The story behind the coin
At the turn of the 20th century, President Theodore Roosevelt thought American coins were ugly. He launched a quiet campaign to make them beautiful — to hand the work to real sculptors instead of career engravers. That push gave the country a run of stunning new designs, and the nickel was next in line.
By 1911 the Treasury wanted to retire the staid Liberty Head nickel that had run since 1883. The job went to a sculptor named James Earle Fraser, and Fraser had one ambition: make something unmistakably American. Years later he summed it up plainly — he wanted "a coin that could not be mistaken for any other country's coin."
He chose two subjects no European mint could ever claim — a Native American and an American bison. The first coins were struck in February 1913 and reached the public that March. People called it the Buffalo nickel almost at once. (You'll also see it called the Indian Head nickel — same coin.)

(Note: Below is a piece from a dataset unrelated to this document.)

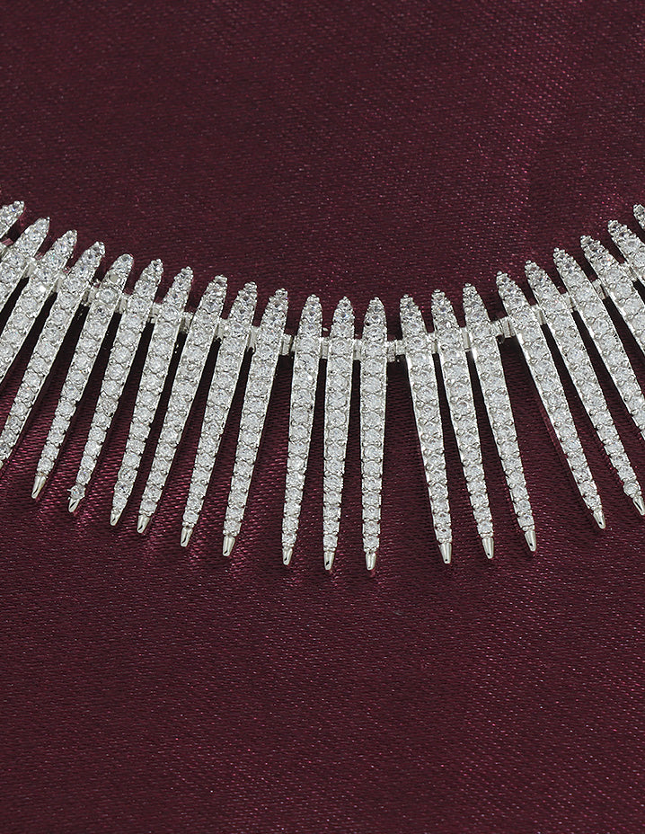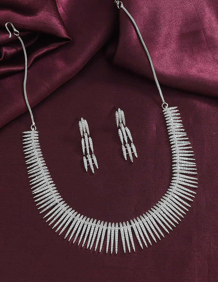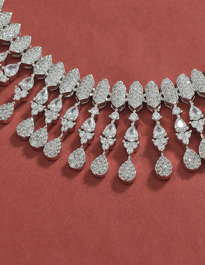 This Designer Zirconia Elegance Necklace Set features sparkling white stones enhanced by a durable rhodium polish. Its refined craftsmanship adds a sophisticated glow to any ensemble.

There was a hitch right away. The very first design put the bison on a raised mound of earth, and the words "FIVE CENTS" sat on a high spot that wore down fast in circulation. Within months the Mint recut the design, sinking the denomination into a recessed line below the ground so it would survive in your pocket. That split 1913 into two versions — collectors call them Type 1 (raised mound) and Type 2 (the recessed "FIVE CENTS"). The fix helped, but Buffalo nickel dates still wore away faster than most — which is exactly why a sharp, fully dated one is worth a second look.